Elasticsearch/Opensearch a search and analytics engine, used for auditing, reports, and directory sync logs, is embedded within the VMware vRealize Automation / Identity Manager virtual appliance. To verify the health of Elasticsearch/Opensearch, you must use the curl tool. If curl is not installed on the windows machine, you can query from a Linux or Mac machine to curl http://<localhost>:9200/_cluster/health?pretty
Impact/Risks:
The shard is the unit at which Elasticsearch/Opensearch distributes data around the cluster. The speed at which Elasticsearch/Opensearch can move shards around when rebalancing data, e.g. following a failure, will depend on the size and number of shards as well as network and disk performance.
Removing CLUSTER_RECOVERED and other stale and old UNASSIGNED shards has limited to no impact on a running cluster once removed.

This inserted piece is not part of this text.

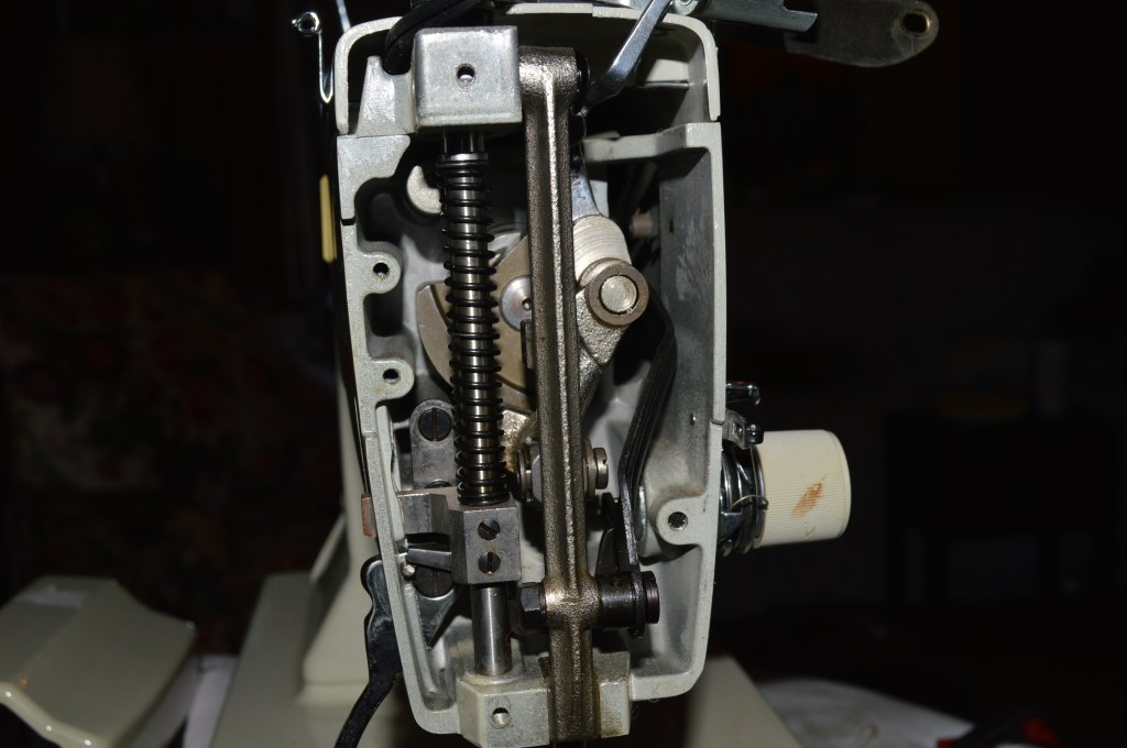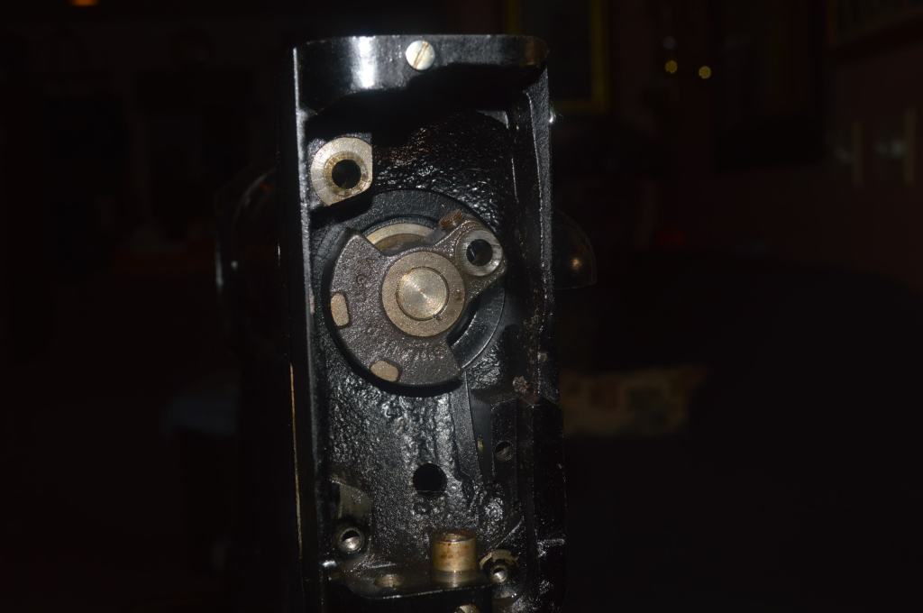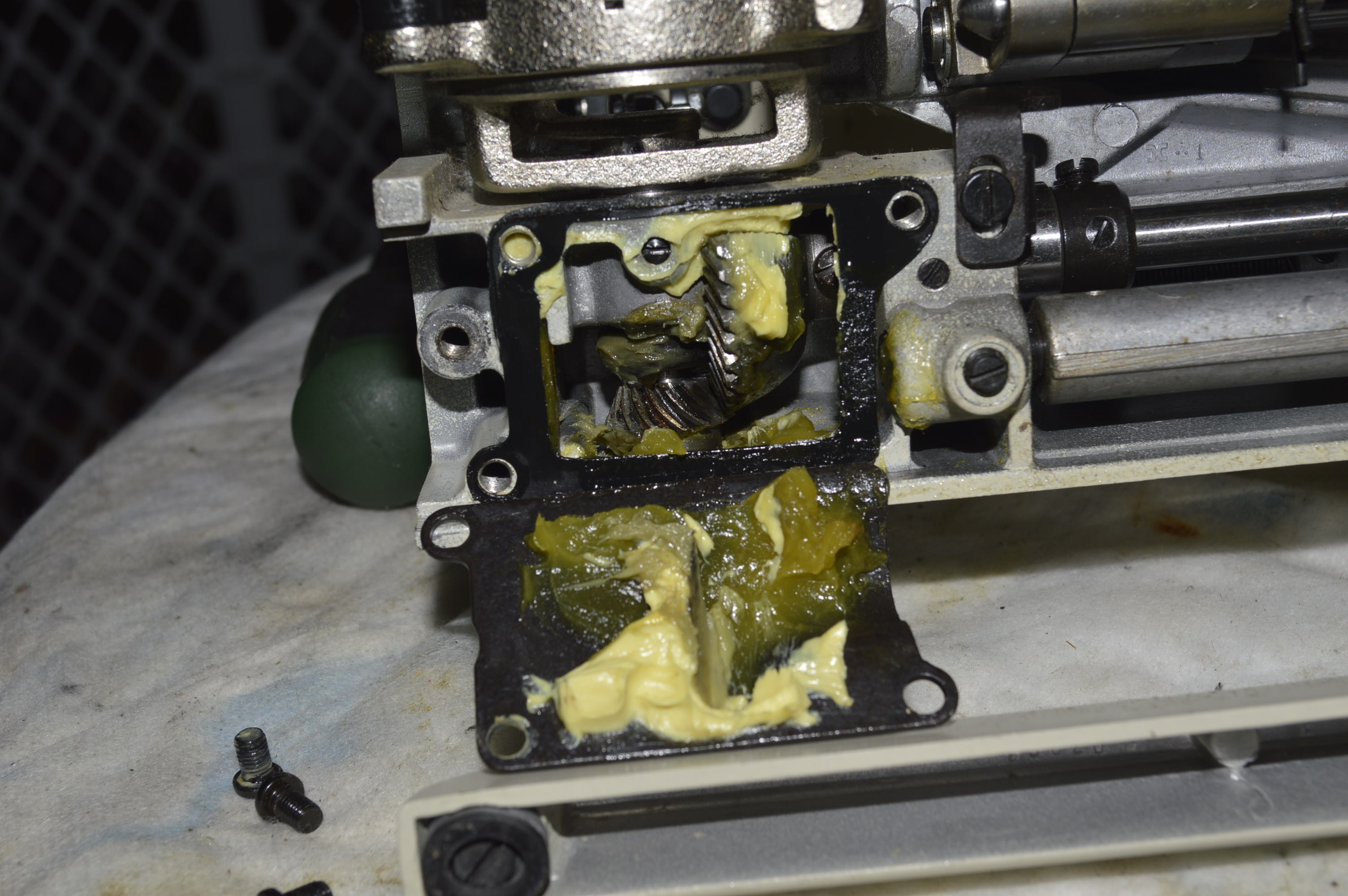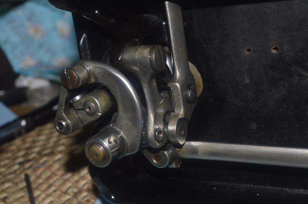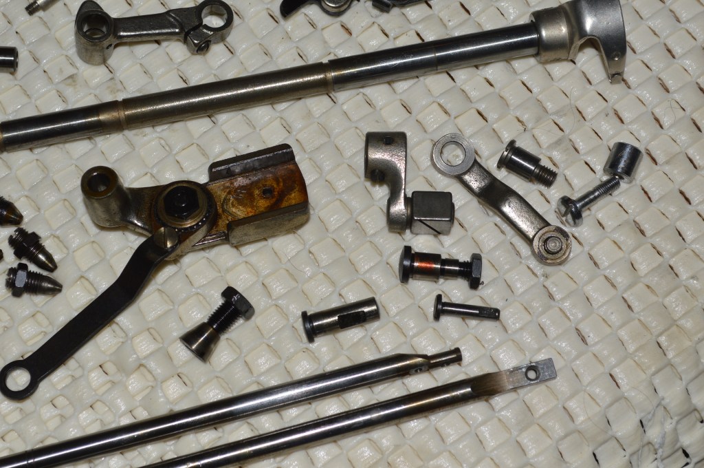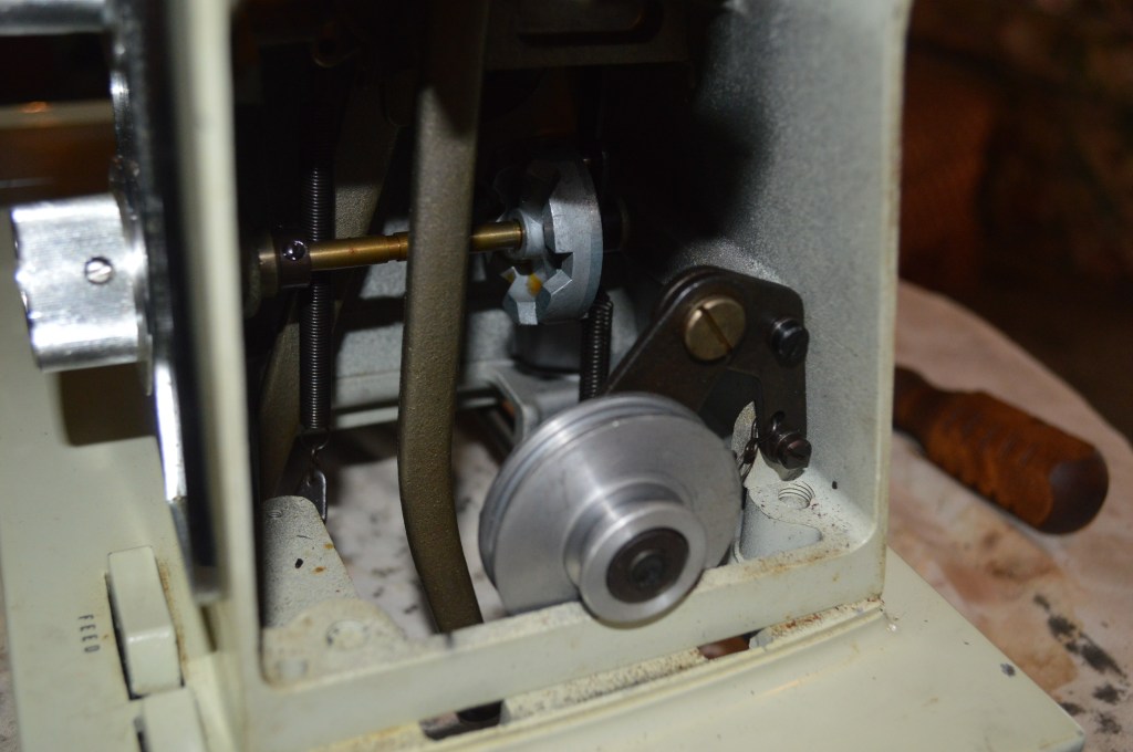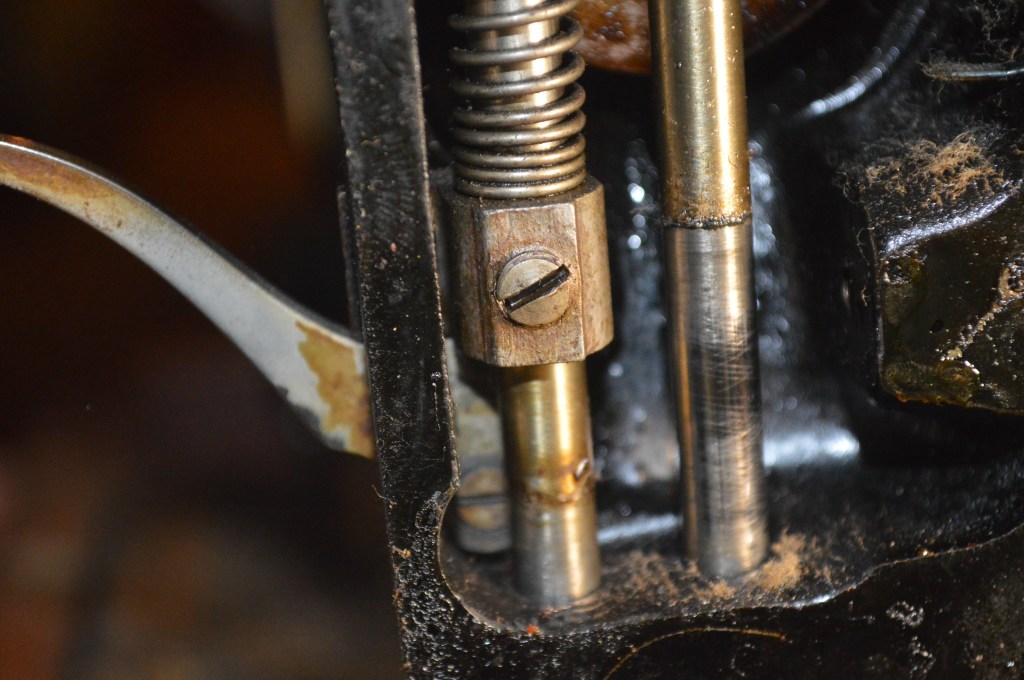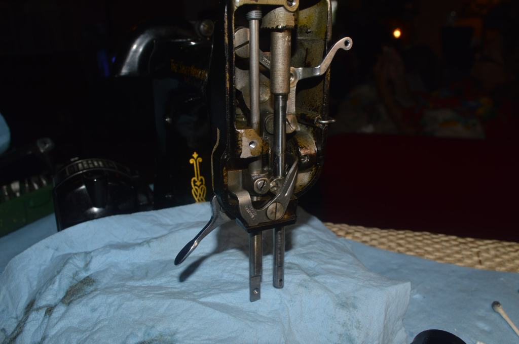 The plan included the disassembly of the top shaft and stitch length fork… The following picture convinced me not to attept this.

If shards persist in UNASSIGNED for an extended period of time, unexpected application behavior may occur, to include a failure of the health status check for Elasticsearch/Opensearch.
Health Status:curl http://localhost:9200/_cluster/health?pretty=true
Green: everything is good, there are enough nodes in the cluster to ensure at least 2 full copies of the data spread across the cluster.
Yellow: functioning, but there are not enough nodes in the cluster to ensure HA (eg, a single node cluster will always be in the yellow state because it can never have 2 copies of the data).
*for single Node - Elasticsearch/Opensearch will be yellow for a single node by default as it doesn't have a cluster. for single node its expected and it should not be a problem, if facing no issue in functionality.
Red: broken, unable to query existing data or store new data, typically due to not enough nodes in the cluster to function or out of disk space.